- **EXERCISE**
The answer is the line with "Before Before After" and every line after it to the end of the listing, retyped exactly. Pictures do not belong in it.

#### THE DATA ####

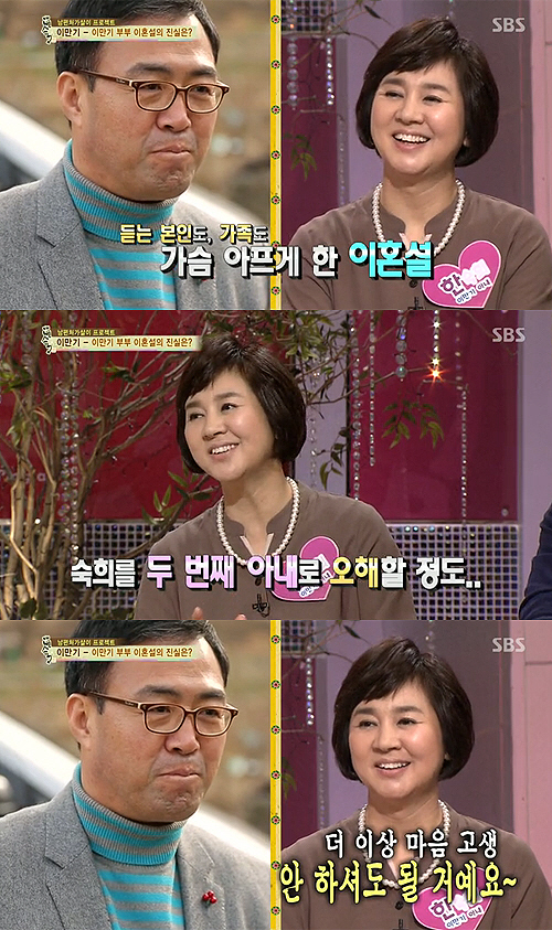 이날 스튜디오에 출연한 이만기의 아내 한숙희 씨도 "이혼설을 주위에서 많이 들었다. 애들 때문에 8년간 외국 생활을 했다. 방학 때 한국에 오가긴 했는데 그때 이혼했다는 말을 들었다"고 털어놨다. 이어 "남편이 어디 모임에 가서 아내와 밥을 먹었다고 하면 '그 아내는 애가 몇이냐' '본처도 애가 둘이라더니'라는 말을 듣거나 심지어 재혼해서 애가 둘이라는 얘기도 했다더라. 그럴 때는 너무 속상하다"며 그동안의 마음고생을 토로했다.
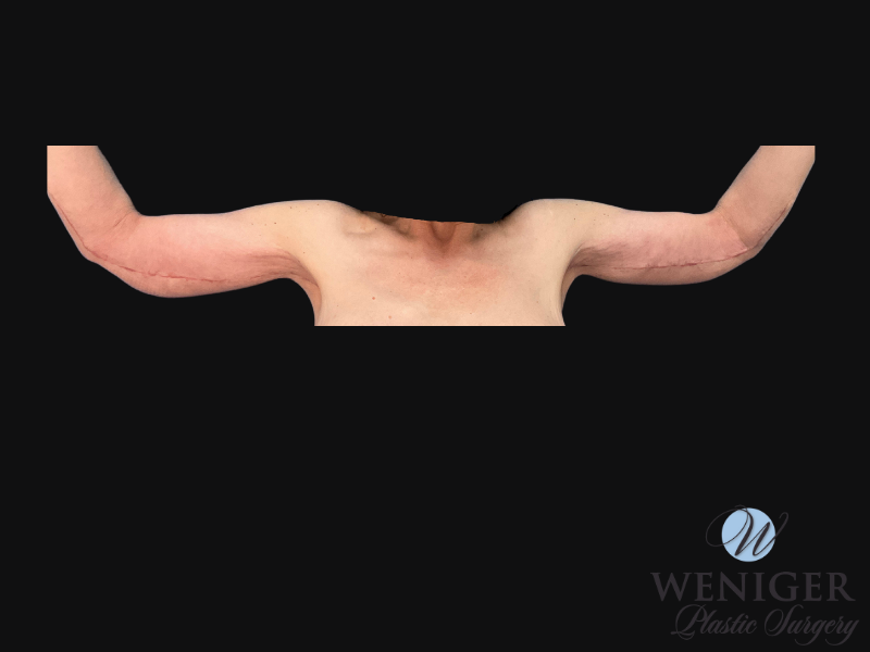 Before Before After After This 57 year old patient lost over 200 pounds after gastric bypass surgery, she had concerns with loose skin to her arms so Dr. Weniger performed a brachioplasty to address her concerns.
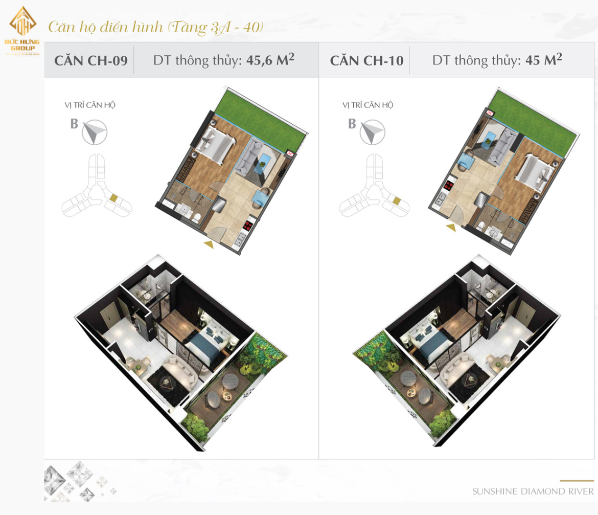 – Căn hộ 09: 1PN – 1WC, có diện tích thông thủy: 45.6m2

####

- **ANSWER AREA**
 Before Before After After This 57 year old patient lost over 200 pounds after gastric bypass surgery, she had concerns with loose skin to her arms so Dr. Weniger performed a brachioplasty to address her concerns.
 – Căn hộ 09: 1PN – 1WC, có diện tích thông thủy: 45.6m2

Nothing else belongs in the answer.